Nein. Es gibt keinen pauschalen Anspruch. Das Amt prüft jeden Fall einzeln und übernimmt die Kosten nur, wenn die Entrümpelung notwendig ist und Sie sie nachweislich nicht selbst bezahlen können. Vermögen oberhalb des Schonvermögens muss in der Regel zuerst eingesetzt werden.
Was passiert, wenn ich die Firma schon beauftragt habe?
Dann wird eine Kostenübernahme fast immer abgelehnt. Der Antrag muss zwingend VOR der Beauftragung gestellt und bewilligt werden.
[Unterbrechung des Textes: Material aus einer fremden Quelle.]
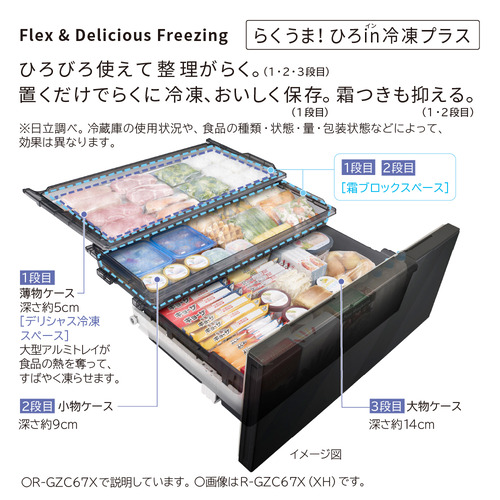 冷凍室下段は、[3段ケース]採用でひろびろ使えて整理がらく。1段目はアルミトレイに置くだけでらくに冷凍できる[デリシャス冷凍]でおいしく保存(※2)、らくにすばやくホームフリージングできます。また、1・2段目は霜つきを抑える[霜ブロック]で霜の発生や食材のパサつきを抑えて保存できます(※2)。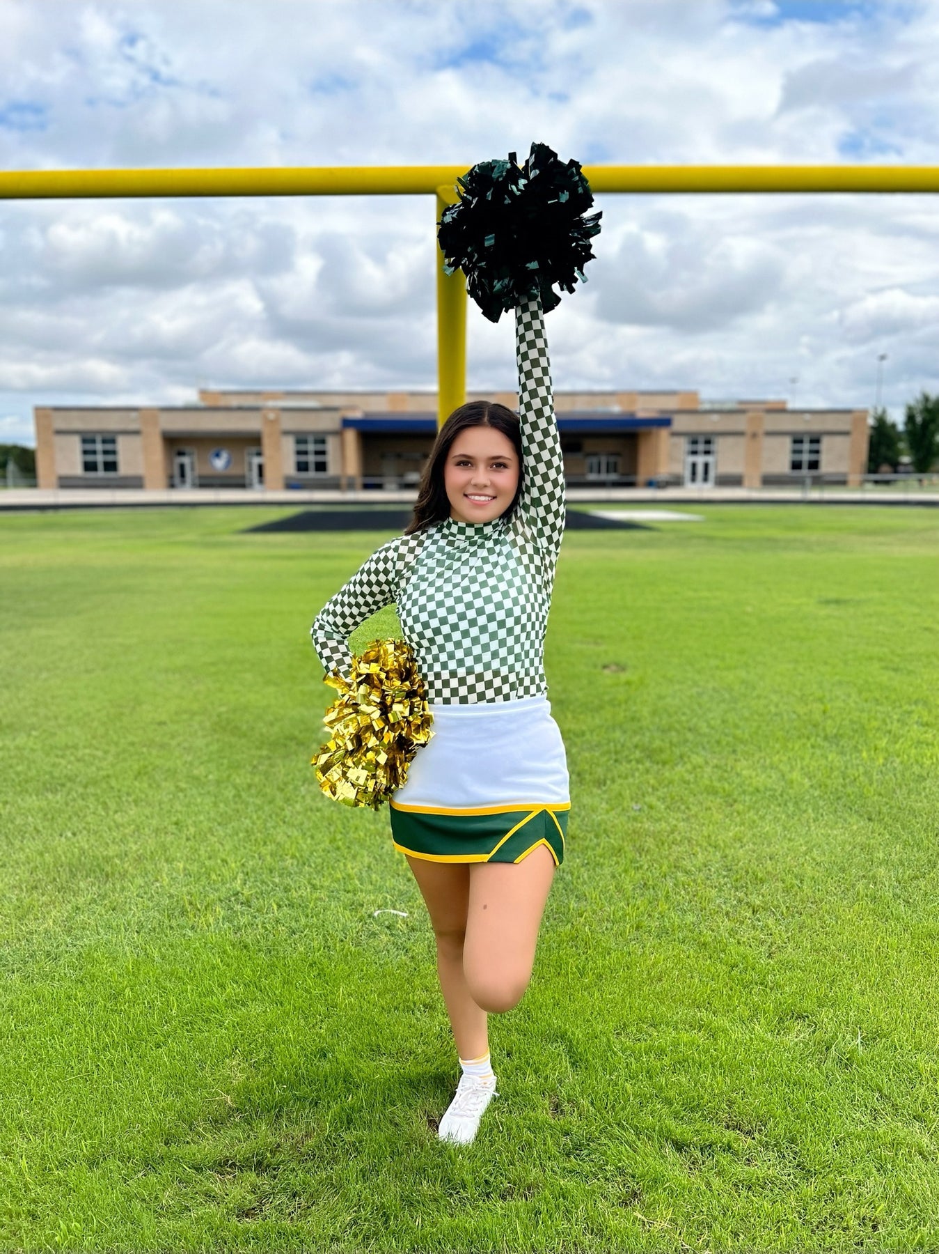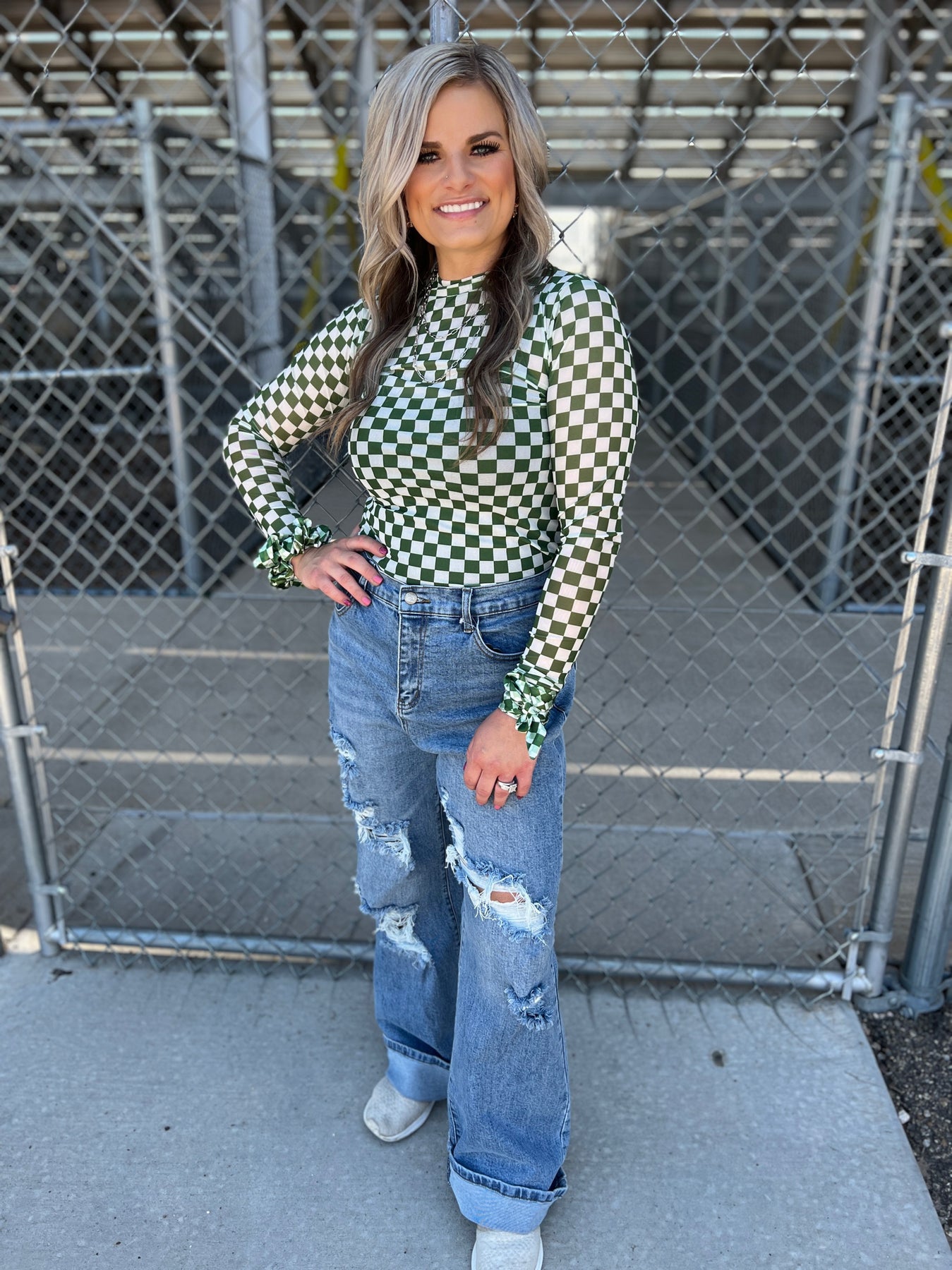 Get ready to stand out at your next pep rally with this quirky and playful green and white checked mesh top! Featuring a unique design, this top will bring some fun and excitement to your game day outfit. Show off your team spirit in style with the Pep Rally Mesh Top. Find all the matching accessories here as well! There is a wild rag, a latigo, and a scrunchie too!

Beauftragen Sie das Unternehmen erst, wenn Ihnen die schriftliche Zusage vorliegt.
Wie viele Kostenvoranschläge brauche ich?
Die meisten Ämter verlangen mehrere Vergleichsangebote, üblich sind zwei bis drei. Wichtig ist, dass es sich um klare Festpreisangebote handelt. Ein solches Angebot erstellen wir Ihnen nach der kostenlosen Besichtigung gerne.
An wen wende ich mich in Berlin?
Beziehen Sie Bürgergeld bzw. Grundsicherung über das Jobcenter, ist dieses zuständig. Erhalten Sie Grundsicherung im Alter, bei Erwerbsminderung oder Hilfe zum Lebensunterhalt, wenden Sie sich an das Sozialamt Ihres Berliner Bezirksamts. Am besten sprechen Sie zuerst mit Ihrer Sachbearbeiterin oder Ihrem Sachbearbeiter.